In dit artikel blijven onze hoofddoelen hetzelfde en zijn er veel wijzigingen aangebracht om het project veiliger in gebruik te maken, de productiekosten te verlagen en de afmetingen te verkleinen. Zoals al eerder opgemerkt, was de afmetingen van de prototype-print 100×100 mm. Na het testen zijn enkele componenten verwijderd en is de layout van de print geoptimaliseerd, waardoor de afmetingen voor deze versie zijn teruggebracht tot 79,5×79,5 mm – ongeveer 20% minder dan voorheen. In figuur 1 is de behuizing voor de nieuwe versie van de print te zien. Om de ESP32 Energy Meter veiliger in het gebruik te maken, wordt de print niet langer direct gevoed uit het lichtnet, maar gebruiken we nu een 220 V/12 V stepdown-transformator voor de spanningsbemonstering en de voeding van de schakeling. Het toevoegen van een transformator heeft wel wat nadelen in termen van fasevertraging, maar veiligheid voor alles! Aangezien we geen spanningspieken of snelle spanningsdips willen meten, maar energie, zou dit onze meting niet mogen schaden.
Het bijgewerkte schema
We hebben een aantal verbeteringen doorgevoerd en in plaats van de ESP32 is nu de ESP32-S3 aan boord. Dit geeft de energiemeter meer mogelijkheden. De ESP32-S3 biedt aanzienlijke verbeteringen ten opzichte van de ESP32, waaronder verbeterde verwerkingskracht, AI en signaalverwerkingsmogelijkheden, meer geheugen en betere beveiligingsfuncties. Het bijgewerkte schema verbetert de mogelijkheden van de energiemeter nog verder en biedt meer functionaliteit. De ontwerp-referentiegidsen van Espressif en andere nuttige internetbronnen werden gebruikt om de ESP32-S3 in het project te integreren. Figuur 2 toont het schema van het project.
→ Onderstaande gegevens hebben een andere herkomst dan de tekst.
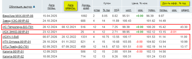 С датой все понятно – она показывает, когда предусмотрена процедура. Для обычных бумаг эффективная доходность рассчитывается к дате погашения, для бумаг с офертой – к дате оферты.
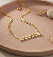 Pequeña barrita de acero inoxidable en el cual puedes grabar aquella fecha, nombre o coordenada importante para ti que podrás tener cerca de tu corazón.
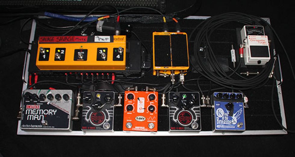 Chris uses an Electro-Harmonix Deluxe Memory Man, two Dr. No Ultradrives (used as a transparent boost for more sustain), T-Rex Reptile, and a Menatone King of the Britains pedal.
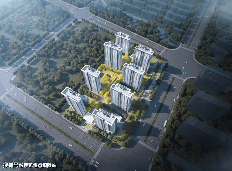 低密舒适社区:容积率2.0,绿化率35%,最大约59米楼间距,围合式布局搭配中轴对称设计
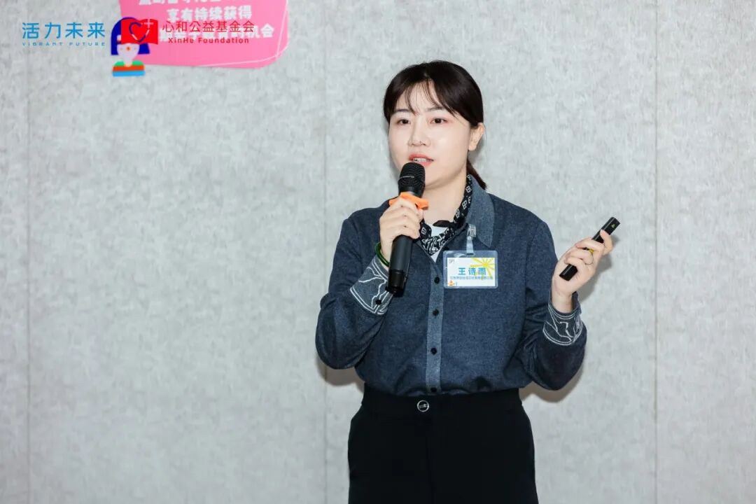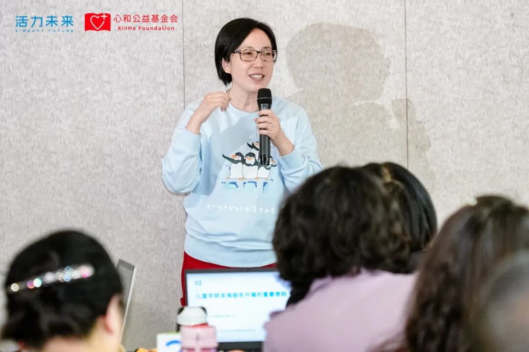 北京陈江和公益基金会评估与发展主管许冰寒女士重点介绍了「慧育希望」项目的发展历程、模式和成果。项目在各地建立儿童早期发展活动中心,招募当地女性为养育师、为照养人提供科学养育指导,旨在促成高质量的亲子陪伴并促进儿童全面发展。项目也与专家学者合作建立了儿童早期发展从业人员的人才培养体系。
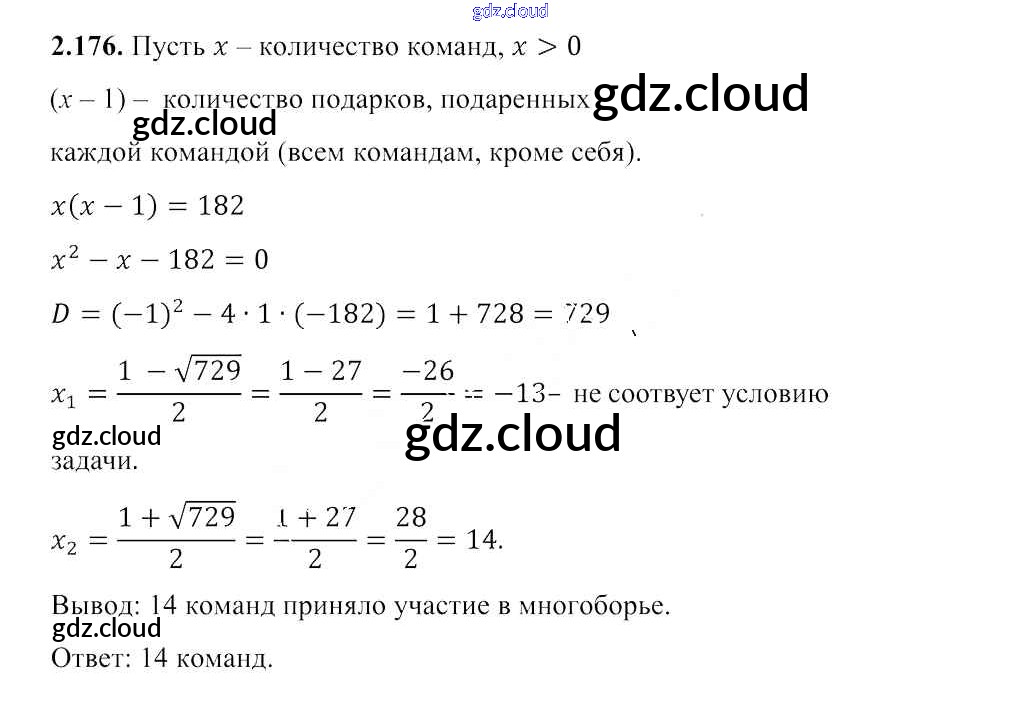 Ответ на задание 2.176 Учебник Алгебра за 8 (восьмой) класс Арефьева, Пирютко 2018 ФГОС онлайн и без номера телефона.
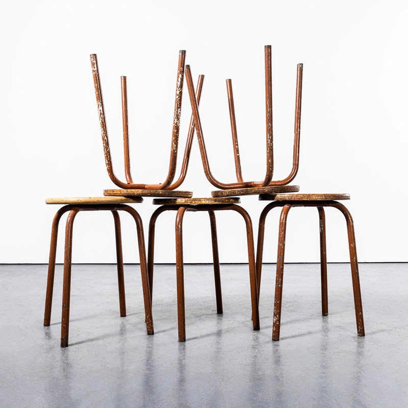 1960'S Simple French Stacking Muddy Brown Stools - Set Of Five
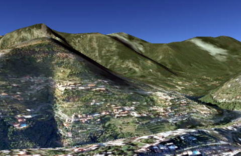 ラヴェッロ、アマルフィ、ミノーリの上空からソレント半島の先端(カントーネ)を見た立体図
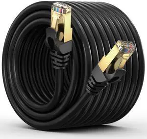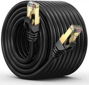 Cat 7 Ethernet Cable 50 ft - High-Speed Cat7 Internet & Network LAN Patch Cables, RJ45 Connectors - Perfect for Gaming, Streaming, and More (Black)
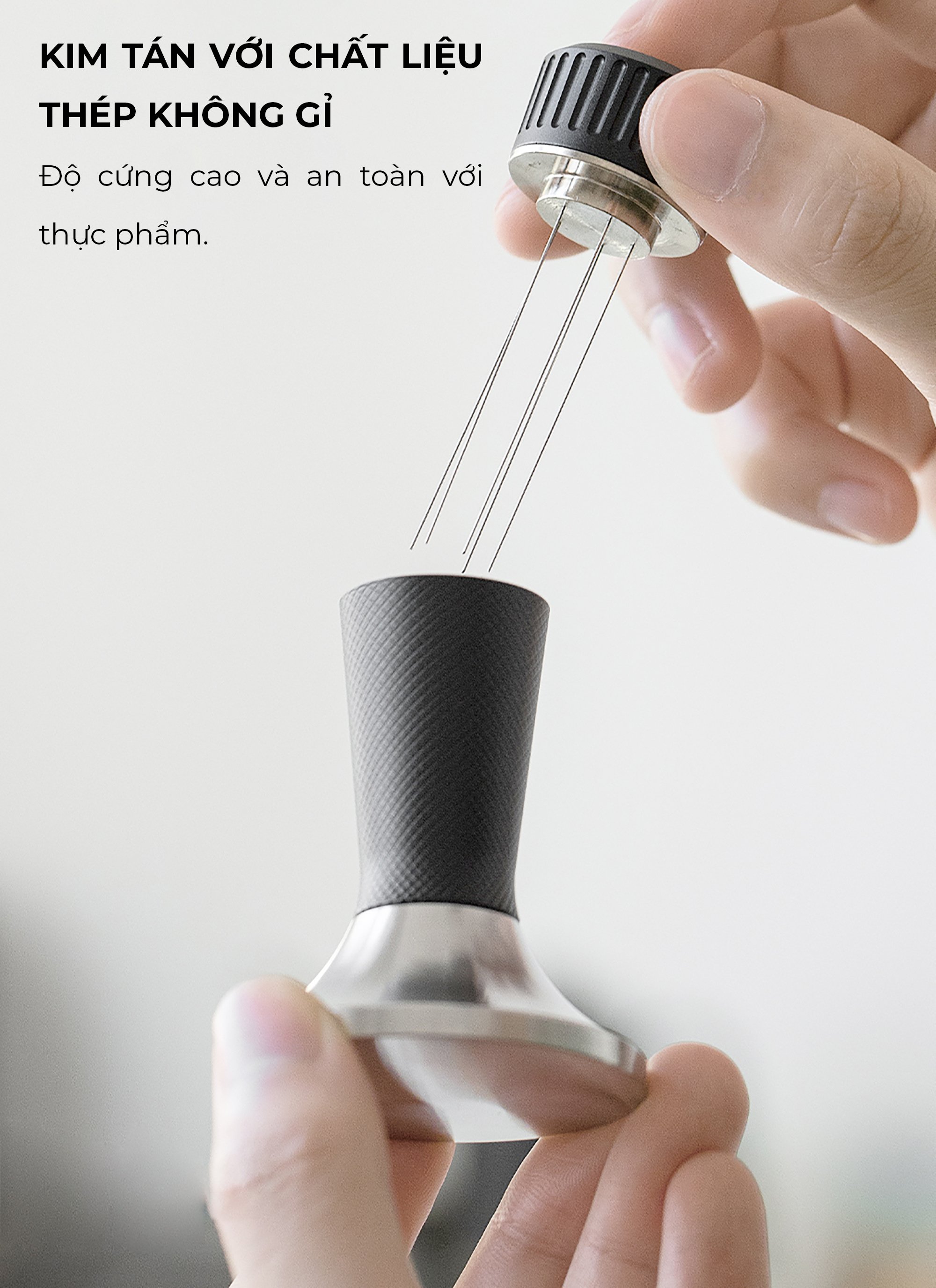 Kim tán với chất liệu thép không gỉ, độ cứng cao và an toàn với thực phẩm. Nhỏ gọn và tiện lợi, dễ dàng phân tán bột cà phê vón cục sau khi xay.
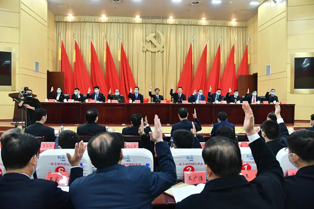 在完成各项议程后,中国共产党沛县第十五届委员会第二次全体会议在国际歌声中胜利闭幕。
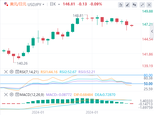 美元/日元周三下跌0.50%。美元/日元扭转了周二0.07%的涨幅,收于146.864。美元/日元升至盘中高点147.897,随后跌至周三低点146.005。
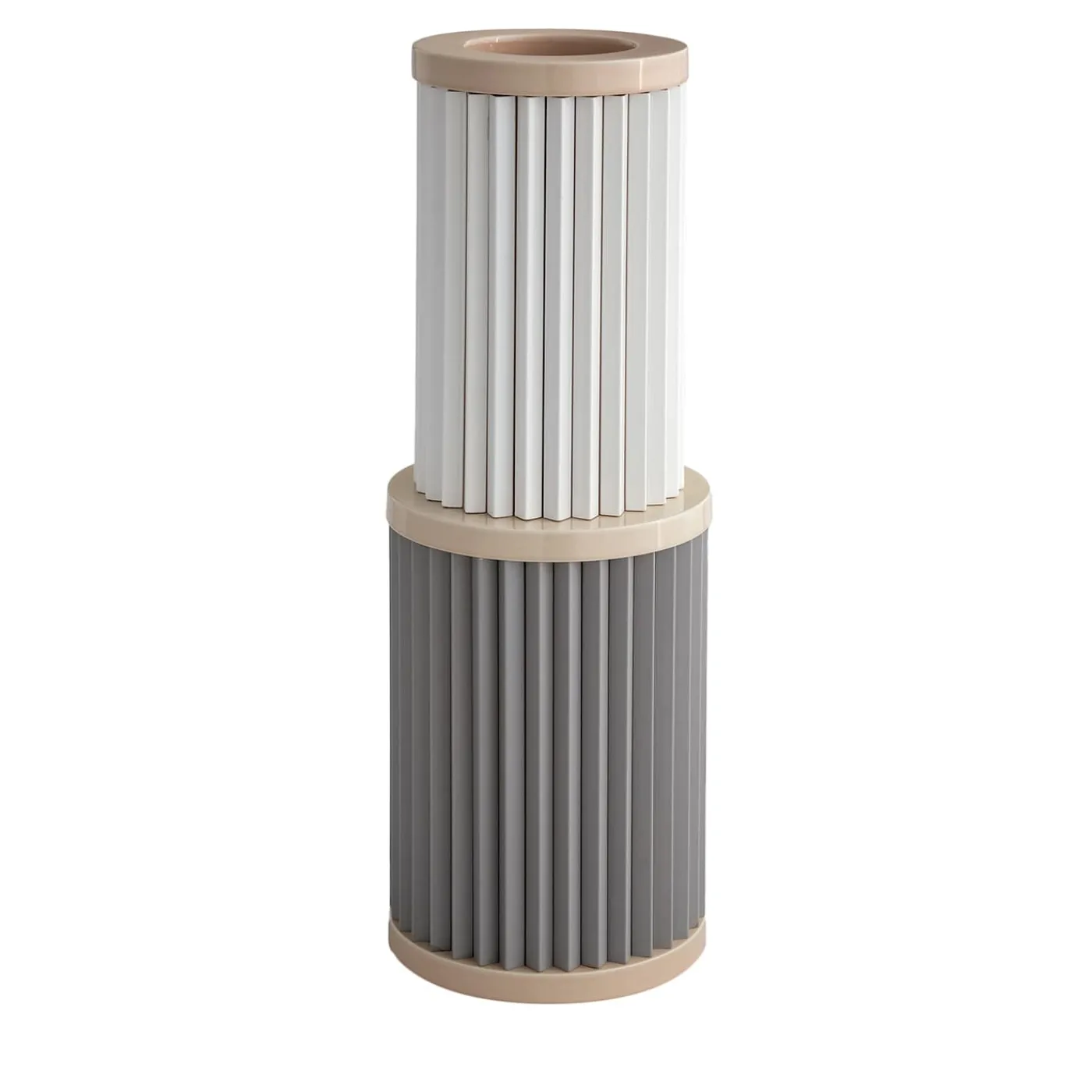 Disegnato da Ronan & Erwan Bouroullec e realizzato in collaborazione con Bitossi, questo pezzo unico appartiene all’esclusiva serie di vasi Rombini, contraddistinta da sofisticate scelte cromatiche abbinate a un’estetica elegante e architettonica di ispirazione pulita ed essenziale. Realizzato artigianalmente in ceramica con la tecnica della bicottura e reso nelle finiture rosa opaco, grigio e bianco. È disponibile in un’ampia gamma di colori e composizioni; per le opzioni, consultare il catalogo Artemest.
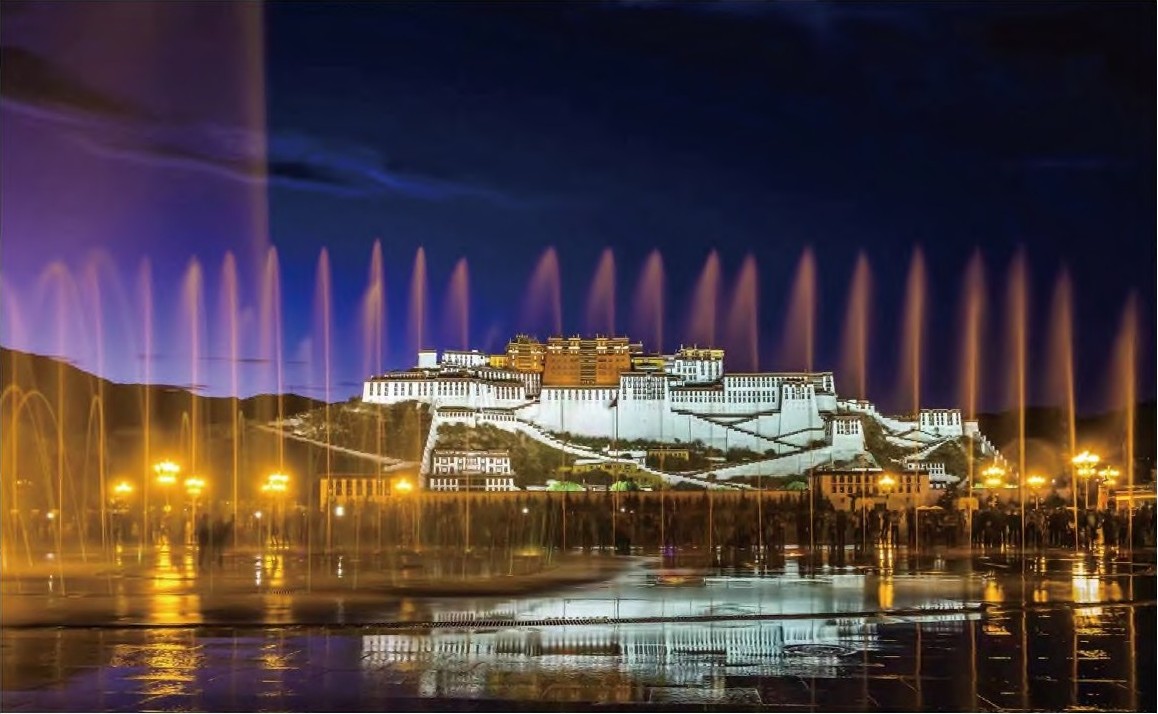 水幕下的布达拉宫流光溢彩

De layout van de print is geoptimaliseerd om de veiligheid, bruikbaarheid en efficiëntie van de ESP32-S3 te verbeteren. We hebben aanzienlijke aanpassingen gedaan door de print te verkleinen voor een compactere footprint, over te stappen op transformatorgebaseerde voeding voor meer veiligheid en de veelzijdigheid te vergroten (compatibiliteit met één en drie fasen). Het gebruik van een efficiëntere AP63203WU-7 buck converter in plaats van Hi-Link modules, samen met de toevoeging van gebruiksvriendelijke zaken zoals een USB-C- en een Qwiic-connector voor uitbreidingsmogelijkheden, hebben allemaal bijgedragen aan de ontwikkeling van het project. Deze verbeteringen bouwen voort op de mogelijkheden van de ESP32-S3 en zijn gericht op het bieden van een praktische, aanpasbare en veiligere oplossing voor energiemonitoring.
Nauwkeuriger bemonstering van spanning en stroom
IC1 blijft dezelfde ATM90E32AS, maar de verandering is dat er nu een 220 VAC/12 VAC step-down transformator tussen komt. Dit is gedaan om het project veiliger te maken om te testen en te gebruiken, omdat de transformatoren zorgen voor galvanische scheiding. Tijdens mijn tests was er geen noemenswaardig verschil in prestaties.
Voor elk van de ingangen voor spanningsbemonstering van IC1 is er nu dus slechts één weerstand van 100 kΩ (R28...R30). De vorige keer combineerden we alle fasespanningen op één ingang, en er kwam veel feedback van de lezers die de mogelijkheid wilden hebben om de meter te gebruiken met driefasige of enkelfasige voeding, al naar de omstandigheden. We hebben erover nagedacht en nu kunnen we de meter in beide gevallen gebruiken. Standaard is de driefase-modus geconfigureerd, maar als je hem enkelfasig wilt maken, moet jumper JP8 worden kortgesloten. Figuur 3 toont de algemene bedrading voor een driefasensysteem. Merk op dat de fasedraden worden aangesloten nadat de spanning tot 12 VAC omlaag is getransformeerd – het gebruik van een 12 VAC deurbeltransformator kan in dit geval nuttig zijn.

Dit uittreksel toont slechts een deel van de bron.